デジタルではなく、フィルムでの上映。近所の閉鎖した映画館と交渉し、運よく古い映写機で上映が可能になる。相棒のマックスがフィルム缶をライトバンで搬入。

(C)2023 La Mirada del Adios A.I.E, Tandem Films S.L., Nautilus Films S.L., Pecado Films S.L., Pampa Films S.A.

まるで『ミツバチのささやき』にでてきた地方巡業の映画隊だ。寂れた町のオールドシネマパラダイス。観客は施設のシスターたちと、通報者ベレン、番組プロデューサーのマルタ、そしてアナとフリオ。

上映フィルムには、マルタに渡さなかったエンディングが入っている。フリオが演じる探偵が上海から連れ戻した娘チャオ・シューと、死期迫る父・レヴィ―との再会。

上海の扇で顔を隠し、熱いまなざしを父に向ける娘。だが、レヴィは力尽き、娘は父の死を目の当たりにする。娘には父の死を見せたくない。それこそが、ミゲルがアナを慮ってこのシーンの放映を阻んだ理由だろうか。

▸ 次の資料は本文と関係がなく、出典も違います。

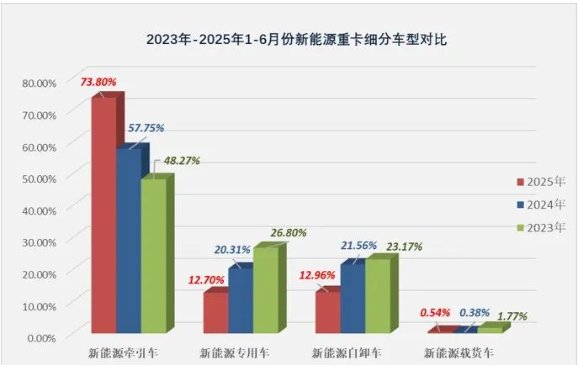 2025年6月份,新能源牽引車在新能源重卡市場占到77.68%的份額,較上月(72.95%)提升近5個百分點。今年1-6月,新能源牽引車在新能源重卡市場占到73.80%的份額,較2024年全年67.99%的占比明顯提升,與去年同期相比則提升了超16個百分點(如上圖)。根據第一商用車網的觀察, 2024年下半年,牽引車在新能源重卡單月銷量結構占比持續高位, 8-12月占比均超過70%,從這個角度看,今年上半年新能源牽引車市場顯然是延續了上年的良好勢頭(上半年有5個月占比都超過70%)。

だが、フリオはこうして生きている。後生大事に抱えていた写真の娘が映画の中のチャオ・シューだと分かり、彼の脳内はどういう答えを見出すだろうか。そして、横に座る実の娘のことを思い出すことができるだろうか

ドライヤー亡きあとも、映画は奇跡を起こすだろうか。そこにベタな芝居のエンディングは存在しない。ヤヌスはただ、過去と未来を見通し続ける。